From Sept 17th, 2010 through Feb 20th, 2011.
The construction of the Eiffel Tower in less than two years. Olympic sprinters. Traffic. Worker productivity. Kitchen efficiency. Urban sprawl. Clocks and more clocks. NoDoz. FedEx. These events, images, objects, products, and ideas have a common denominator – all are expressions of the idea of speed and its centrality to modern society. The exhibition Speed Limits explores the role of speed in modern life and commemorates the hundredth anniversary of Italian Futurism.
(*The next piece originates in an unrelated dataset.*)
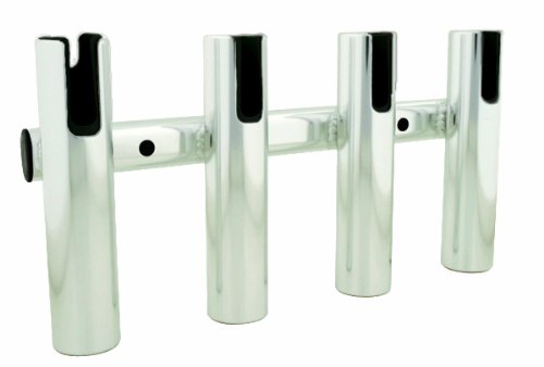 Brushed anodized Aluminum Rod Rack holds four rod and reel combinations. Slotted opening for reel handles offers secures storage and open bottom make this rod rack an ideal choice for longer spinning rods.. This rack is 16-Inch wide and 12-Inch high....
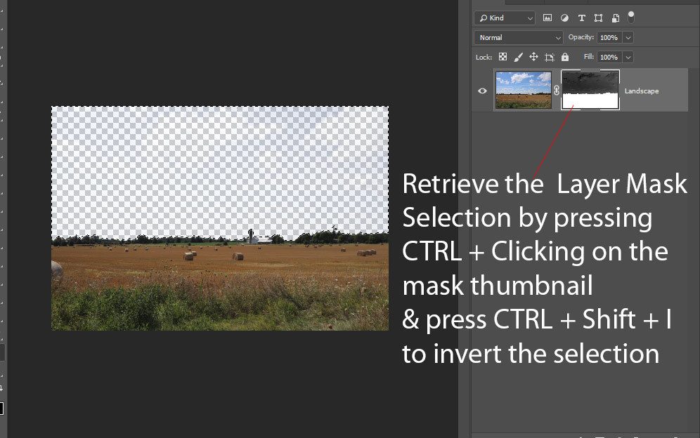 Hold down CTRL & click on the mask thumbnail to retrieve the selection & then press CTRL + SHIFT + I invert the selection so we can select the sky.

The exhibition is jointly organized by The Wolfsonian and the Canadian Centre for Architecture (CCA) and curated by Jeffrey T. Schnapp, the Rosina Pierotti chair and professor of French and Italian and comparative literature and, by courtesy, of German studies at Stanford University and director of the Stanford Humanities Lab. In Speed Limits, Schnapp examines what he calls the “modern era’s cult of speed.”
The 1909 Manifesto of Futurism proclaimed, “The world’s magnificence has been enriched by a new beauty: the beauty of speed.” The Futurists identified speed as “a fundamental aspect of modernity, but they didn’t know what would follow – no one could have foreseen the centrality of speed in our lives a hundred years later and its many expressions in the digital age,” explains Marianne Almanac, The Wolfsonian’s associate director for curatorial affairs and education.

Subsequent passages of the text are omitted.